Recovery of Distributed Iterative Solvers for Linear Systems Using Non-Volatile RAM

TLDR
In-NVRAM ESR as discussed by the authors uses MPI One-Sided Communication (OSC) over RDMA implementation, which was optimized and applied for using NVRAM to store recovery data for iterative linear solvers.
Abstract
HPC systems are a critical resource for scientific research and advanced industries. The increased demand for computational power and memory ushers in the exascale era, in which supercomputers are designed to provide enormous computing power to meet these needs. These complex supercomputers consist of numerous compute nodes and are consequently expected to experience frequent faults and crashes.Mathematical solvers, in particular, iterative linear solvers are key building block in numerous large-scale scientific applications. Consequently, supporting the recovery of distributed solvers is necessary for scaling scientific applications to exascale platforms. Previous recovery methods for iterative solvers are based on Checkpoint-Restart (CR), which incurs high fault tolerance overhead, or intrinsic fault tolerance, which require extra computation time to converge after failures.Exact state reconstruction (ESR) was proposed as an alternative mechanism to alleviate the impact of frequent failures on long-term computations.
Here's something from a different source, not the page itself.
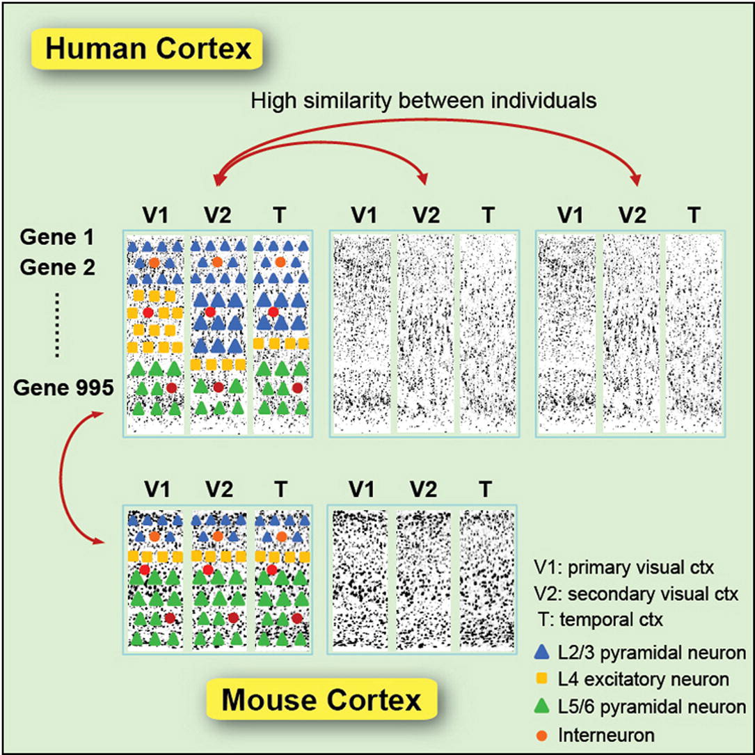 Allen腦科學研究所的科學家們通過分析大腦中大約1000個基因表達,發現了人類和小鼠大腦區域之間的相似之處和差異。相關研究成果在線發表在Cell雜志上。 這項研究揭示了人類個體之間的相似程度高。在三個特定區域的研究顯示近1000個基因中只有5%在人與人之間有表達差異。此外,通過Allen老鼠大腦圖譜數據集的比較,發現人類和小鼠之間有很大的一致性,人類視覺皮層與老鼠有79%的基因表達是相似的。

ESR has been shown to provide exact reconstruction of the computation state while avoiding the need for costly checkpointing. However, ESR currently relies on volatile memory for fault tolerance, and must therefore maintain redundancies in the RAM of multiple nodes. This not only incurs high memory overhead but also prevents ESR from being fully resilient, that is, resilient against a full system crash.Recent supercomputer designs feature emerging non-volatile RAM (NVRAM) technology, for example, the exascale Aurora that is planned to consist of Intel Optane™ DCPMM. This paper investigates how NVRAM can be utilized to devise an enhanced ESR-based recovery mechanism that is more efficient and provides full resilience. Our mechanism, called in-NVRAM ESR, provides full resiliency while significantly reducing both the memory footprint and the time overhead in comparison with the original ESR design (in-RAM ESR). In-NVRAM ESR is based on a novel MPI One-Sided Communication (OSC) over RDMA implementation, which was optimized and applied for using NVRAM to store recovery data for iterative linear solvers. The source code used in this work, as well as the benchmarks and other relevant sources, are available at: https://github.com/Scientific-Computing-Lab-NRCN/In-NVRAM-ESR.git.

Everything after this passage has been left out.